- **Work required**:
What you return must match the listing below line for line, minus its pictures.

- **Exercise material**:
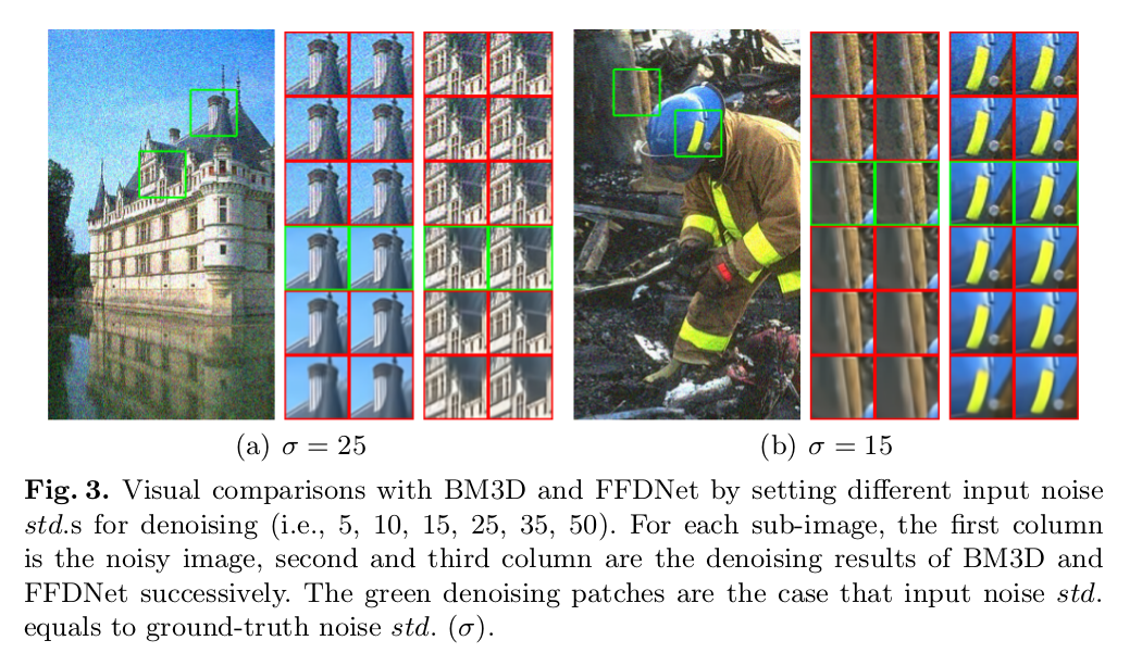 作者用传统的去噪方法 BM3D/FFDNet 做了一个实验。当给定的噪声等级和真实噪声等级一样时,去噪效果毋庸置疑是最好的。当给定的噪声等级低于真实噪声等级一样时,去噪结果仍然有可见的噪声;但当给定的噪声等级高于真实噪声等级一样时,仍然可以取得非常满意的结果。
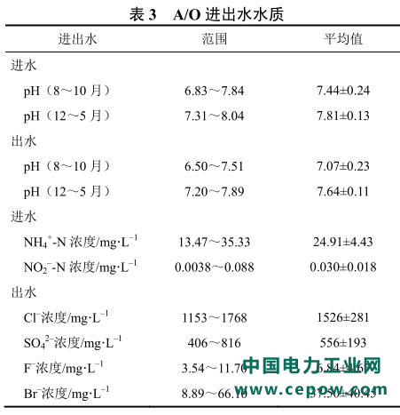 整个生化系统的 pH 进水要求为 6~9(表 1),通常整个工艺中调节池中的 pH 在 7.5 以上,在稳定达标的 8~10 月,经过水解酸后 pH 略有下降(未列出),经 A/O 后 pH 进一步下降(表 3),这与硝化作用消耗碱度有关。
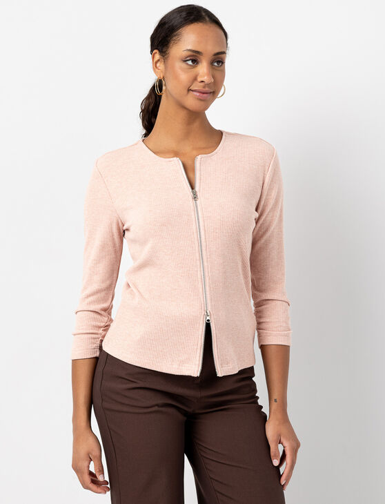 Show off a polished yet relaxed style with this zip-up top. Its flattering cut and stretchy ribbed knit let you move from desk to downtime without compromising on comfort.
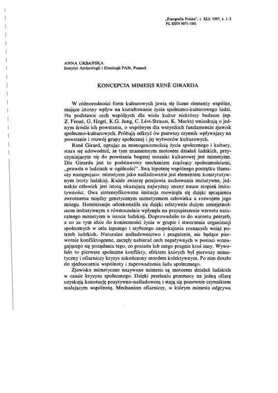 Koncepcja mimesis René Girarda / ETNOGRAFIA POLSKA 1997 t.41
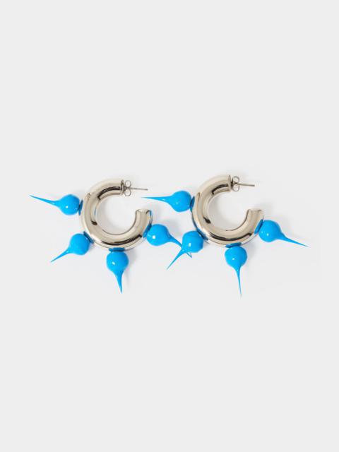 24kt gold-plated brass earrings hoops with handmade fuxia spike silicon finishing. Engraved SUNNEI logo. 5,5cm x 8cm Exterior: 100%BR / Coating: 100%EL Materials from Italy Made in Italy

- **Answer space**:
 作者用传统的去噪方法 BM3D/FFDNet 做了一个实验。当给定的噪声等级和真实噪声等级一样时,去噪效果毋庸置疑是最好的。当给定的噪声等级低于真实噪声等级一样时,去噪结果仍然有可见的噪声;但当给定的噪声等级高于真实噪声等级一样时,仍然可以取得非常满意的结果。
 整个生化系统的 pH 进水要求为 6~9(表 1),通常整个工艺中调节池中的 pH 在 7.5 以上,在稳定达标的 8~10 月,经过水解酸后 pH 略有下降(未列出),经 A/O 后 pH 进一步下降(表 3),这与硝化作用消耗碱度有关。
 Show off a polished yet relaxed style with this zip-up top. Its flattering cut and stretchy ribbed knit let you move from desk to downtime without compromising on comfort.
 Koncepcja mimesis René Girarda / ETNOGRAFIA POLSKA 1997 t.41
 24kt gold-plated brass earrings hoops with handmade fuxia spike silicon finishing. Engraved SUNNEI logo. 5,5cm x 8cm Exterior: 100%BR / Coating: 100%EL Materials from Italy Made in Italy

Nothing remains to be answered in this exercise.